WHAT TO DO:
The entries that follow need to be reproduced exactly, minus any images.

(Dataset items)
☆ ☆ ☆ ☆ ☆

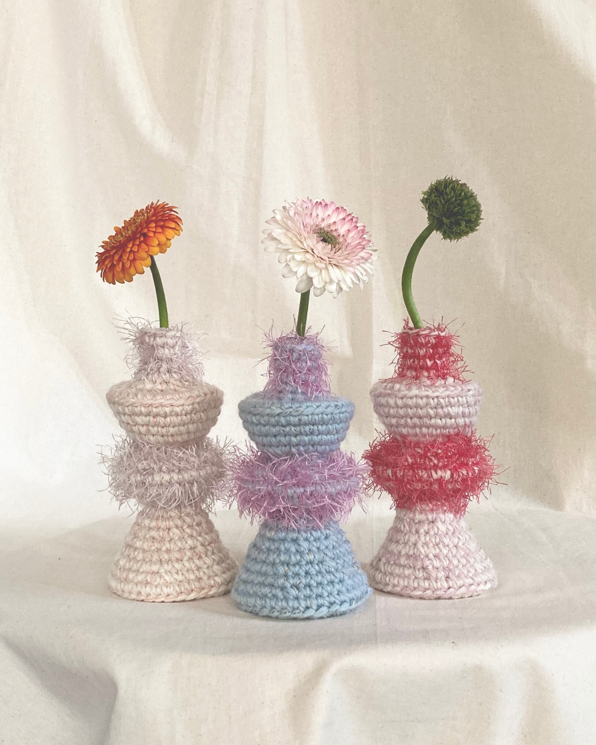 毛糸で編んだニットのフラワーベース*
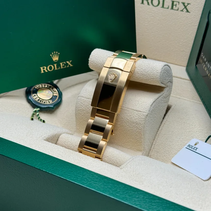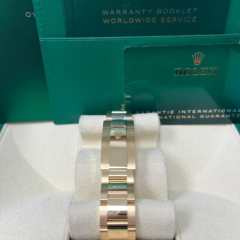 The Rolex fluted bezel is a mark of distinction. Originally, the fluting of the Oyster bezel had a functional purpose: it served to screw the bezel onto the case helping to ensure the waterproofness of the watch. It was therefore identical to the fluting on the case back, which was also screwed onto the case for waterproofness, using specific Rolex tools. Over time, the fluting became an aesthetic element, a genuine Rolex signature feature. Today the fluted bezel is a mark of distinction, always in gold.
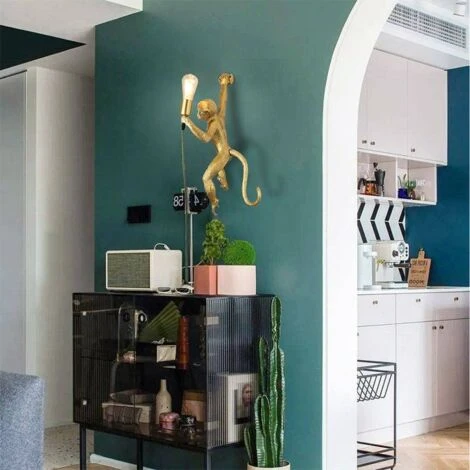 Lampada scimmia in resina, stile esotico, ideale per gli amanti delle culture indigene e degli animali. Dai alla tua casa uno stile unico con questa figura decorativa di scimmia che tiene una lampadina. La presa E27 non include la lampadina.
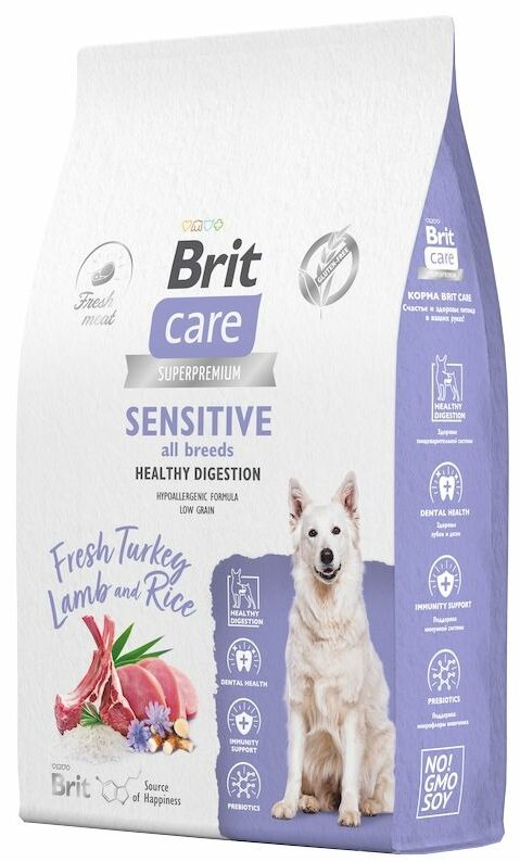 Brit Сухой корм Care Dog Adult Sensitive Healthy Digestion для взрослых собак всех пород с индейкой и ягненком, 12кг 12 кг
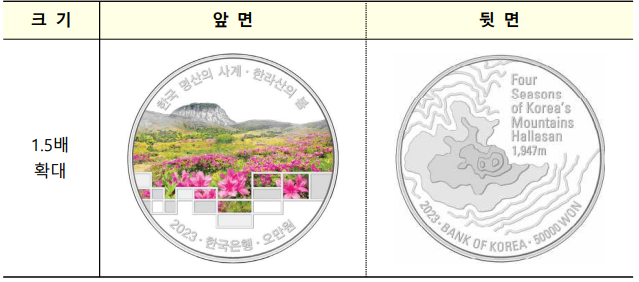 기념주화 4종은 주화의 앞면은 사계절의 특징을 잘 나타내는 자연경관을, 뒷면은 각 산의 등고선과 높이를 표시했으며, 특히 앞면의 경우 마치 창문을 통해 산을 바라보는 듯한 느낌이 들도록 사가 프레임을 적용한 것이 특징입니다.

☆ ☆ ☆ ☆ ☆

EXERCISE OUTPUT:
 毛糸で編んだニットのフラワーベース*
 The Rolex fluted bezel is a mark of distinction. Originally, the fluting of the Oyster bezel had a functional purpose: it served to screw the bezel onto the case helping to ensure the waterproofness of the watch. It was therefore identical to the fluting on the case back, which was also screwed onto the case for waterproofness, using specific Rolex tools. Over time, the fluting became an aesthetic element, a genuine Rolex signature feature. Today the fluted bezel is a mark of distinction, always in gold.
 Lampada scimmia in resina, stile esotico, ideale per gli amanti delle culture indigene e degli animali. Dai alla tua casa uno stile unico con questa figura decorativa di scimmia che tiene una lampadina. La presa E27 non include la lampadina.
 Brit Сухой корм Care Dog Adult Sensitive Healthy Digestion для взрослых собак всех пород с индейкой и ягненком, 12кг 12 кг
 기념주화 4종은 주화의 앞면은 사계절의 특징을 잘 나타내는 자연경관을, 뒷면은 각 산의 등고선과 높이를 표시했으며, 특히 앞면의 경우 마치 창문을 통해 산을 바라보는 듯한 느낌이 들도록 사가 프레임을 적용한 것이 특징입니다.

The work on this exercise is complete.